I answered the call of gravity, plunging down toward the planet; behind me, my Enemy radiated its continuing satisfaction, its obscene delight in every bite of what had been Esen.
Just before I touched the atmosphere, I felt something new from it:
confusion.
Too much. What to do! What to do!
I knew, but hadn’t left the information behind with my other gift. I had to hurry. My Enemy could simply burn the mass away if it chose. Its need to fission, the instinct to sort itself into two or solidify, would last mere moments at best.
Down to the
Ahab.
I cycled into Ket, commanded the port to open, and ran inside. Up to the lift.

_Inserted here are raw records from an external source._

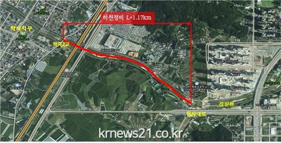 ▲ 사진=대전광역시대전시는 유성구 복용동 학하2교에서 학하동 진잠천 합류 지점까지 1.17km구간에 대한 하천(명칭:화산천) 재해예방사업에 착수했다고 밝혔다.
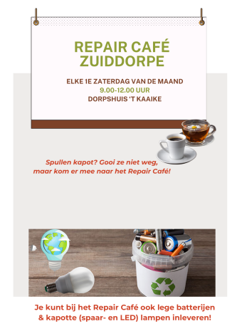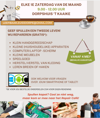 Het Repair Café Zuiddorpe is een initiatief van een groepje handige bewoners samen met het Bewonersplatform Leefbaar Zuiddorpe. In dorpshuis ’t Kaaike kun je voortaan maandelijks (behalve augustus) terecht met je kapotte spullen en een bakje koffie en thee. Meestal is de reparatie kosteloos, tenzij er onderdelen besteld moeten worden. Die komen voor eigen rekening. Je kunt ook kleding laten herstellen of verstellen.
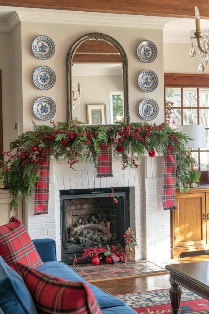 This fireplace says, “I don’t just decorate, I curate.” The principle at play here is rhythm and repetition. The plaid fabric is draped evenly, with greenery and berries repeating throughout the garland for a polished but cozy vibe. Notice how the mirror above creates vertical balance, while the side plates bring in symmetry—because design loves balance as much as we love peppermint hot cocoa.
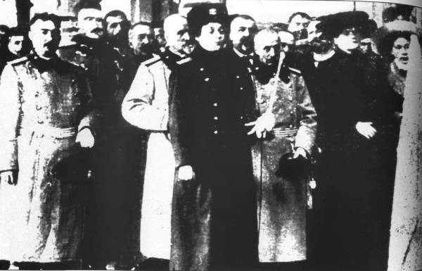 опълчението преминават начело на дружините в церемониален марш. След
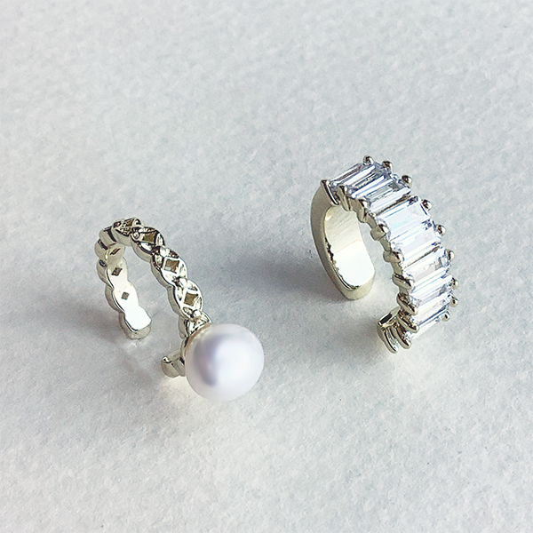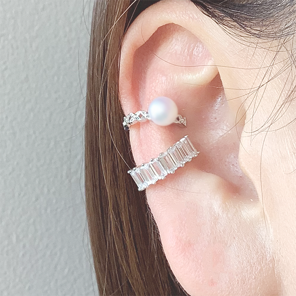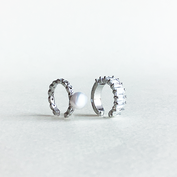 繊細な輝きと構築美が耳元を彩る、イヤーカフの2種セット。 ひとつは、艶やかな淡水パールを主役に据えたクラシカルなデザイン。もうひとつはバゲットカットのキュービックジルコニアを連ねたモダンなラインです

Why couldn’t we pick a ship that reoriented its deck to planet gravity?
I fussed, fearing every instant of time wasted.
There, the control room. I tripped over the maps on the floor, scrambling for the com, fearing I was already too late.
I sent the message.
Out There
DEATH closed its jaws over the last morsel, satiated, content. This had been the best feeding.
Assimilate.
What was happening?
Too much!
Pain. Fear. What is happening?
The body demands a choice; the mind must loosen its hold and permit the escape of mass, or accept the true death that beckons. Divide, or become solid, thoughtless, a rock.
I must live!
Death screamed to itself. It felt selection beginning on a microscopic scale, flesh battling against flesh.
No! It is all mine!
Preoccupied with self, Death ignored the two approaching starships.
Overwhelmed with biological imperatives, Death missed the powering of weapons, the unfolding of delicate petals almost close enough to touch, the glow of deadly energies building to release.
Obsessed with its own life, Death failed to notice the moment it ended.
59:
Colony Afternoon
I’D KNOW those sleek globes and immaculate hull anywhere.
The
Rigus
touched the surface of Inhaven Ag-colony 413 like a feather, her engines shutting down immediately, the dust she’d kicked into the air washed away by an errant gust of rain-filled wind. The makeshift spaceport here was getting a fair amount of traffic these days.
I shook myself, adding my own little rainshower to the drops rolling off the ferns above me. It was almost over. The clouds were scarred with brilliant blue pockets of clear sky, the color one of so many regrets. One of those clearings had glowed hot white not so long ago. I didn’t need to cycle to confirm my Enemy was gone.
Almost over,
I repeated to myself, staring at the
Rigus.
No one had come out yet; her port remained sealed. I imagined Sas and his scan-techs were busy, remotes scouring the countryside.
For what?
I’d hoped Kearn would have been too intent on the web-being he could see above the planet to notice a small bit of one flying away.